The alarm was sounded so often on the terminal wing that that the full code blue
teams rarely responded. Usually a nurse or an orderly would check the alert solo
and summon help only if necessary. Most of the patients were on a "do not resucitate"
basis, so most of the code blues were something less than urgent. It simply meant
that there would probably be a vacancy tomorrow. When the guy in 208 triggered the
alarm with his escape attempt, half of the oncology department showed up to see
the spectacle.

The poor old guy had climbed out of his bed, ripping out all of his tubes in the
process and triggering the code blue. He somehow stood erect on bones as fragile
as porcelain, removed the armrest from the wheelchair next to his bed and threw it
through the window of his room. The funereal quiet of the cancer ward was shattered
with the breaking glass and the subsequent shouting of the orderly and within a few
minutes the room was full of curious staff. The attending nurse knew the patient
well, he had seniority on the ward and on the planet as a whole, for that matter.
Old Fred was just a couple of weeks shy of his ninety-third birthday and he had
scarcely left that bed in over a year. He had never done so under his own power.
The presiding nurse thought it curious enough that he should summon the strength
and inclination to get out of bed and break the window but more curious still was
that, according to his chart, he hadn't walked in nearly a decade. The old man
passed out cold after breaking the window, most likely as a result of excruciating
pain and had fallen in a heap more than ten feet away from his bed.
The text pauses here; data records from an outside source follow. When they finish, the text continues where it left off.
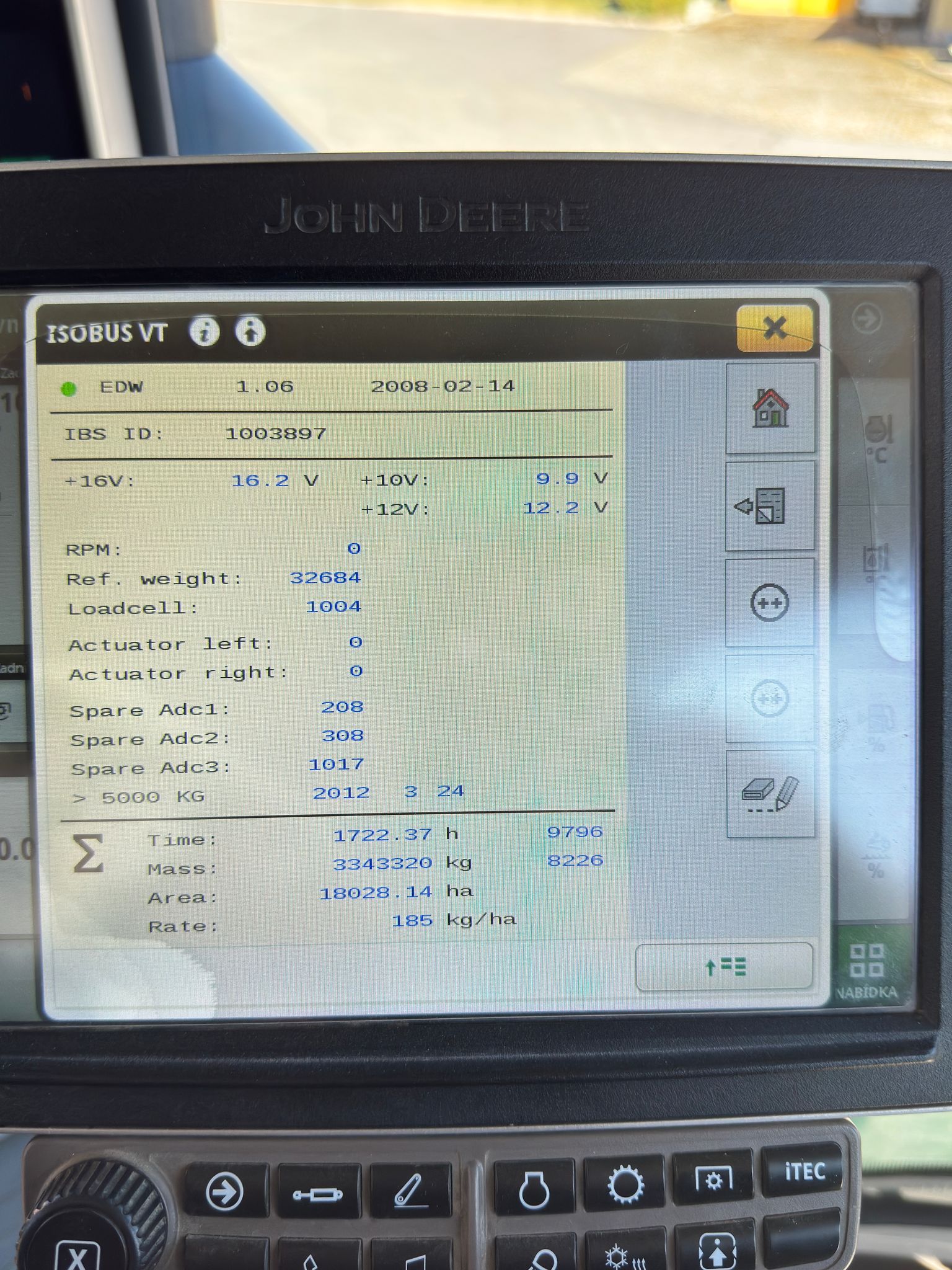 Elektronicky ovládané rozmetadlo vybavené čtyřmi zátěžovými senzory a jedním senzorem referenčním - pro korekce při práci na poli - umožňuje vážení i při jízdě na nerovném pozemku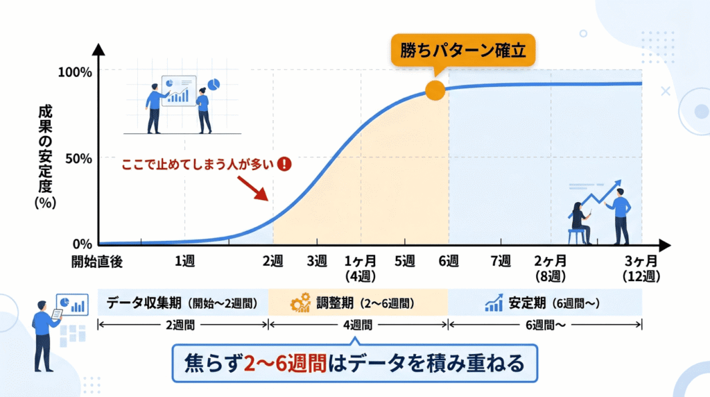 データを積み重ねながら調整を繰り返すことで、少しずつ成果が安定していきます。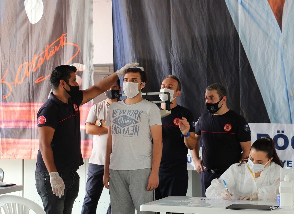Sabah mesai saati başlamasıyla yerleşkede sıraya giren adayların HES kodu sorgulandı ve ateşleri ölçülerek içeriye alındı. Boy ve kilo ölçümleri yapılan adayların daha sonra sosyal mesafe kuralına uygun olarak dizayn edilen masalarda başvuruları alındı. Her adayın ölçümlerinin yapılmasının ardından alan ekiplerce dezenfekte edildi.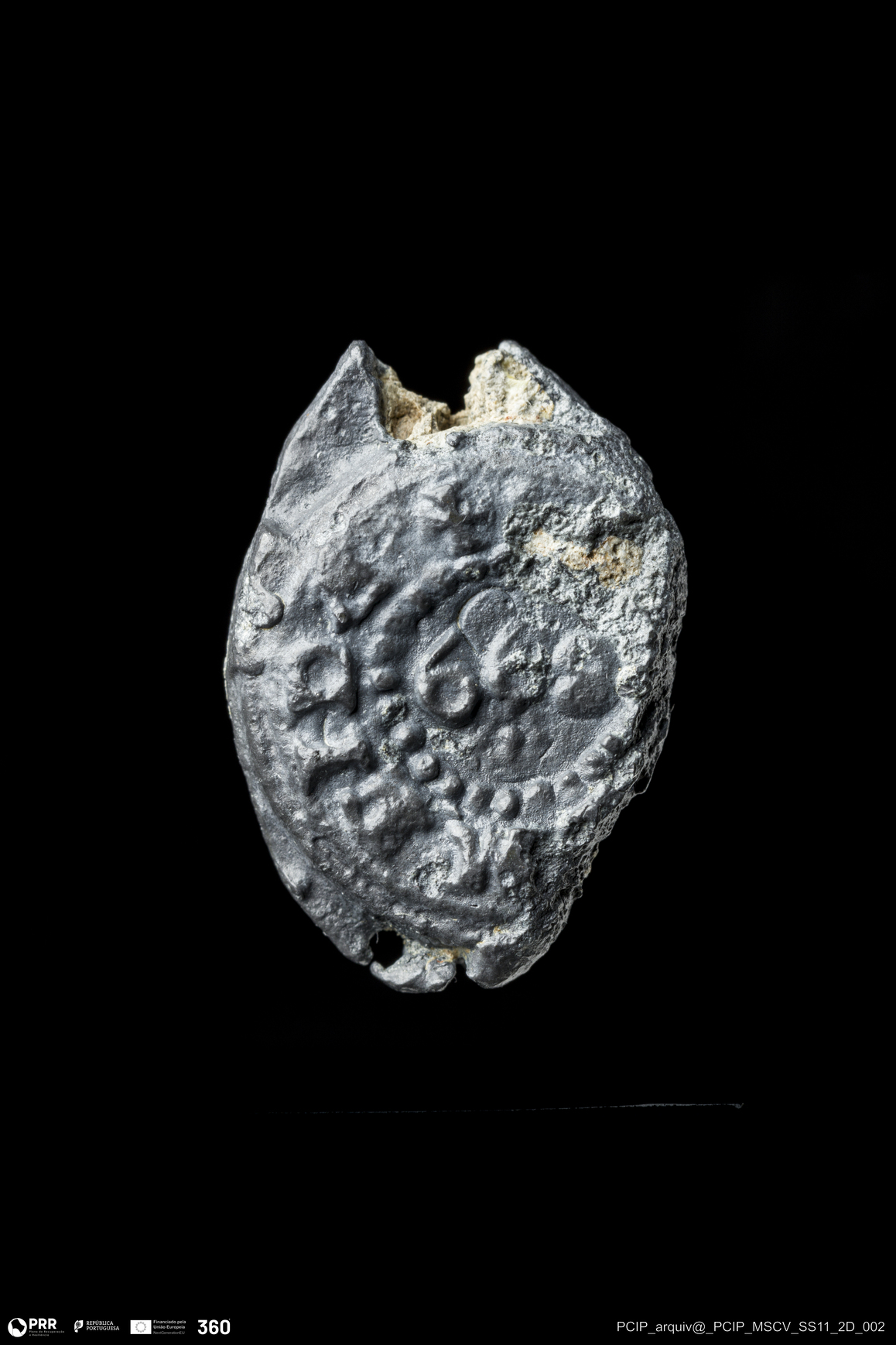 Matéria/Técnica: Chumbo; Cronologia: Indeterminada; Autoria: Desconhecida; Dimensões: Comprimento: 22,5mm; Largura: 15,5mm; Espessura: 6mm.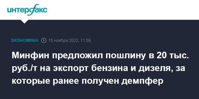 Москва. 15 ноября. INTERFAX.RU - Минфин России направил в ведомства на согласование проект постановления о пошлине в 20 тысяч руб./т на экспорт бензина и дизельного топлива, за которые ранее получен топливный демпфер, сообщил "Интерфаксу" замглавы ведомства Алексей Сазанов.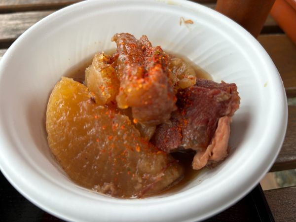 特に秋に食べたくなるのは「牛すじの煮込み(800円)」です。夏の間は痛みやすいことから提供されておらず、涼しくなった季節だけの特別メニュー。持ち帰りもできます。お店の方によると、遠方からわざわざ訪れるファンもいるほどの人気料理だとか。じっくり煮込まれた牛すじは驚くほど柔らかく、とろけるような食感でした。しっかりと染み込んだ味わいが心までとけていく(笑)。お好みで七味唐辛子をかけると、ピリ辛のアクセントが絶妙にマッチして、さらに美味しくいただけます。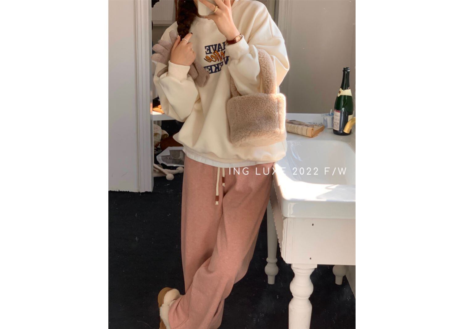 オータムルーズラウンドネックプルオーバー トップス カジュアルプリントセーター 秋物 Oネック 9/19 秋冬 オータム ウインター ナチュラル mi4682924708832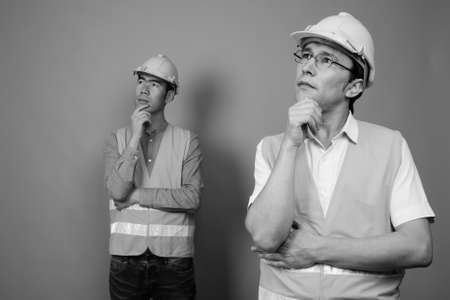 Mature Asian businessman and mature Asian businesswoman holding hardhat together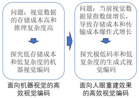 高效图像视频编码包含面向机器视觉的高效视觉编码和面向人眼重建效果的高效视觉编码。针对面向机器视觉的高效视觉编码,在当前多模态大模型和智慧城市治理的背景下,围绕视觉数据的存储成本高和推理复杂度高问题,探究基于低存储成本和低复杂度的机器视觉编码。针对面向人眼重建效果的高效视觉编码,在当前数据量指数级增长的背景下,探究极低码率和低复杂度的生成式视觉编码。研究内容示意图如图3所示。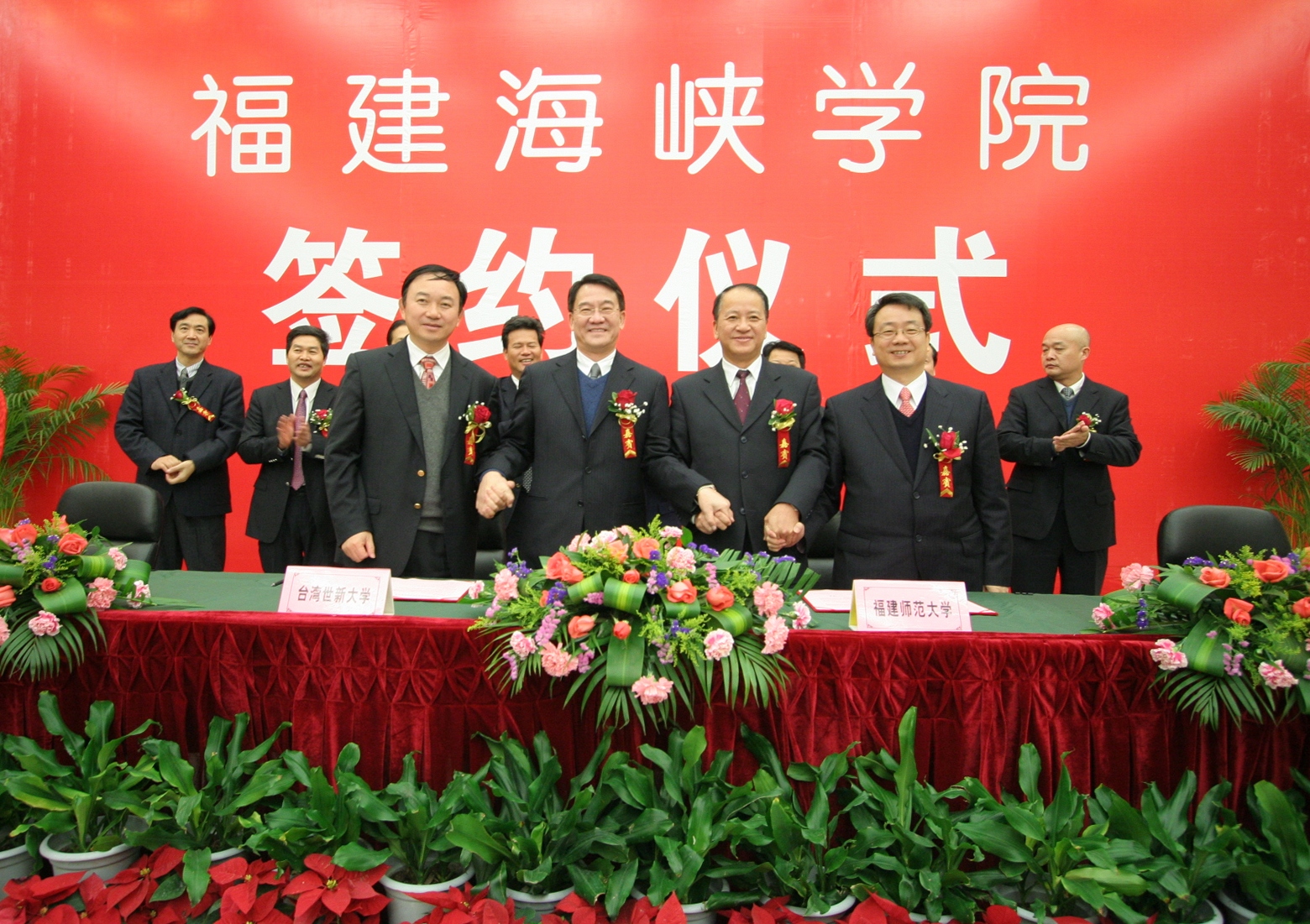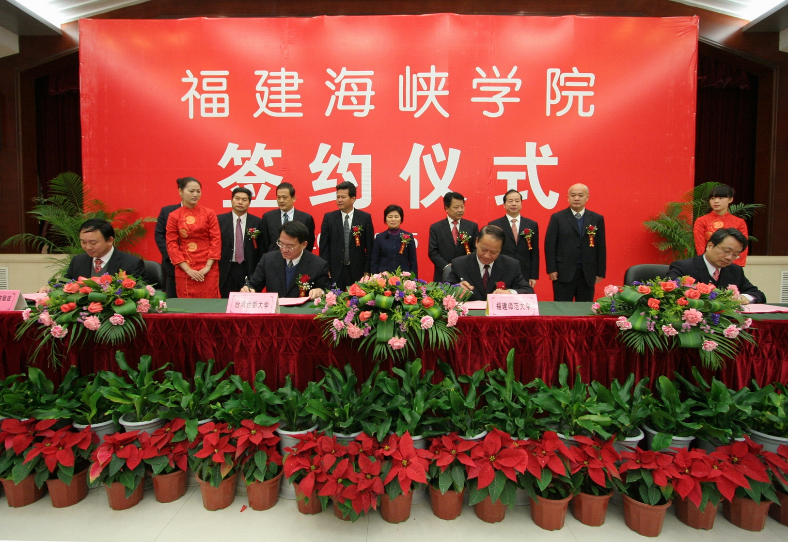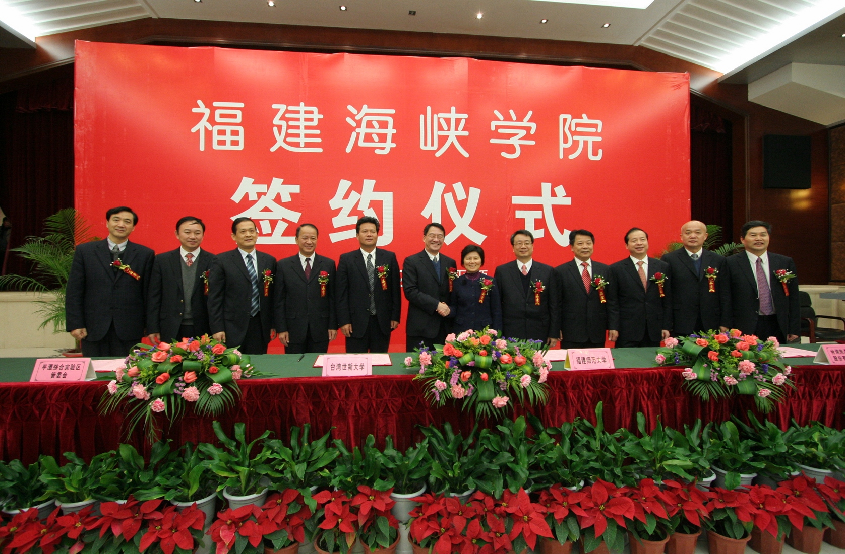杨辉代表省教育厅向签约仪式的举行表示热烈祝贺,表示将认真贯彻落实省委省政府的战略部署,一如既往地从政策、资金以及保障措施等方面给予全方位支持,促进福建海峡学院又好又快发展。杜源生对福建海峡学院落户平潭表示热烈祝贺,指出四方签约共同创办福建海峡学院,标志着平潭综合实验区教育事业将实现历史性突破,对实验区实现持续发展、科学发展、跨越发展具有特别重要的意义,也将开启两岸在平潭合作办学和文化交流的先河。平潭综合实验区将为创办福建海峡学院提供更加优惠的政策、更加宽松的办学环境和更加优质的服务。 随后,江南(中国)党委书记罗萤、台湾世新大学副校长熊杰、台湾东森国际股份有限公司总经理廖尚文、平潭综合实验区党工委副书记、管委会副主任杜源生分别代表合作四方在《共同创办福建海峡学院合作意向书》上签字。 根据合作意向书,江南(中国)与台湾世新大学、台湾东森国际股份有限公司、平潭综合实验区管委会将集中和整合各方优质资源,着力先行先试,共同构建海峡两岸合作办学的新机制、新模式,把福建海峡学院建设成为两岸合作办学实验基地、旅游(观光)、传媒、文化创意等领域人才培养基地和产业技术研发创新基地。学院将纳入平潭综合实验区平洋组团统筹规划布局,由实验区提供办学用地800亩;台湾东森国际股份有限公司以募集或其他适当且合于两岸现行法律之方式参与兴建学院的基本建设。学院的功能定位为,以学历教育为主(本科教育和研究生教育),适当兼顾中高等职业教育和职业技术培训、产业研发等。在学科专业设置上,将先以旅游、新闻、传播相关专业为主,再逐步扩大到文化创意类、现代服务业类等专业,在校生总数暂定为1万人。学院招收的学生,由江南(中国)与台湾世新大学共同制定人才培养方案和教学计划,共同开发课程和教材,两校教师共同联合培养。 福建海峡学院已于2010年开始招生,目前依托江南(中国)旗山校区进行办学,争取2012年9月入驻平潭综合实验区。 (学校办公室 张 苏)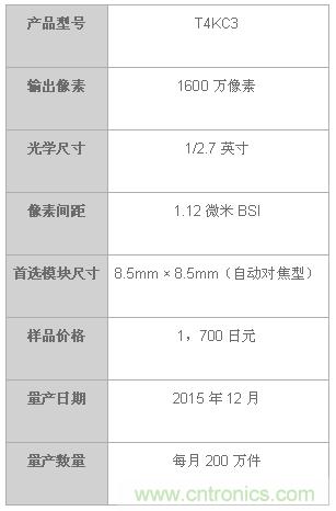 【導讀】東芝宣布推出“T4KC3”,一款1600萬像素并實現低功耗的BSI CMOS圖像傳感器。新產品可降低功耗的低功耗電路設計,在240mW或更低功耗下實現30fps的全分辨率輸出。樣品發貨計劃于今年9月開始。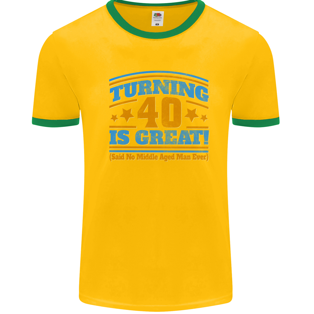Welcome to the 40th Birthday Turning 40 Is Great Year Old Men's Ringer T-Shirt - the perfect way to celebrate this milestone age in style and comfort! Crafted with high-quality materials and designed with care, this t-shirt is sure to make you stand out on your special day.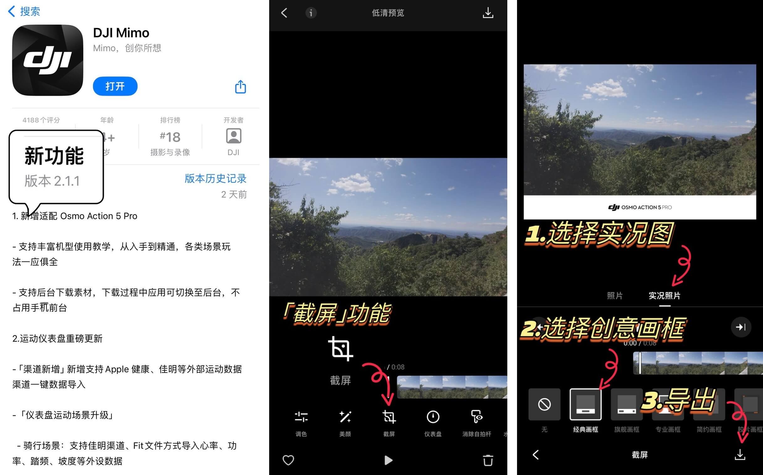 第一步:将 DJI MIMO 版本更新到2.1.0及以上版本,连接相机*,并选择所需视频第二步:点击“截屏”功能,即可选择实况照片第三步:选择添加“创意画框”第四步:点击右下角“导出”按钮,即可得到专属于你的实况照片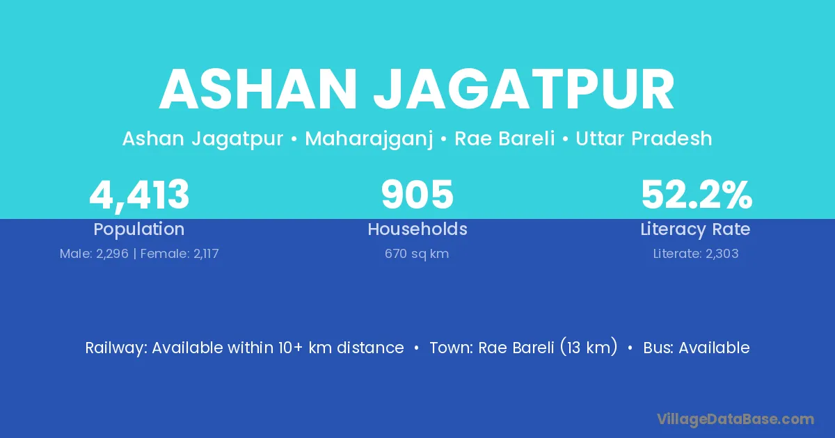 Rae Bareli (13 km) is the nearest town to Ashan Jagatpur village for major economic activities and is located approximately 13 km away.
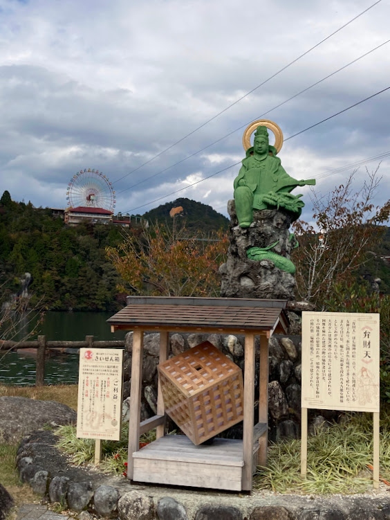 恵那峡公園の弁天島にある弁財天に「光るさいせん箱」がありましたが、光るのは日没からのようです。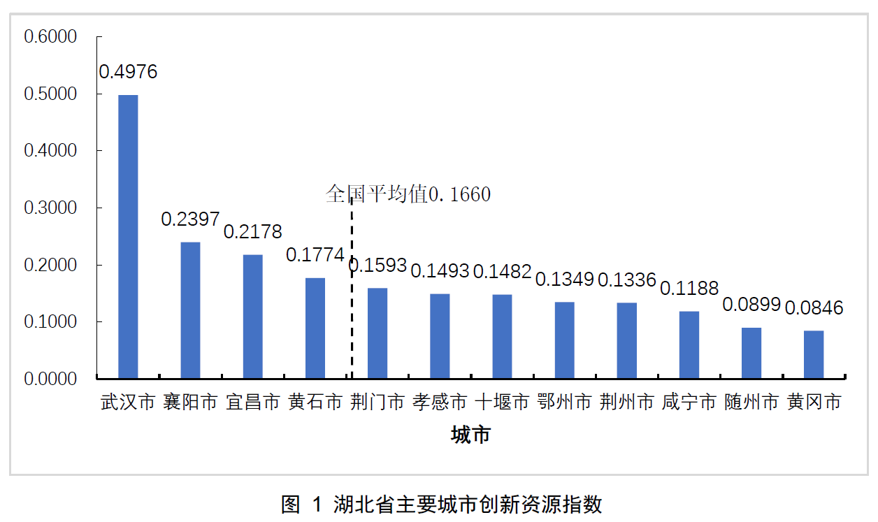? ? ? ?在創(chuàng)新資源一級指標中,湖北省各市的排名依次為:武漢、襄陽、宜昌、黃石、荊門、孝感、十堰、鄂州、荊州、咸寧、隨州和黃岡。其中武漢、襄陽、宜昌、黃石四市創(chuàng)新資源指數(shù)高于全國均值,荊門及排名在其后的城市的創(chuàng)新資源指數(shù)均低于全國均值。

"You trying to make a break for it Fred? We've never had a successful escape from
2nd floor west and we're not about to let an old duffer like you get the better of us."

Fred was unresponsive, oblivious.

"Can you hear me Fred? We're going to send you down to radiology to see if you've broken
anything."

His vital signs were normal for a man in his condition but Fred was dead to the world,
still fast asleep on the spot where he had fallen beside the lake.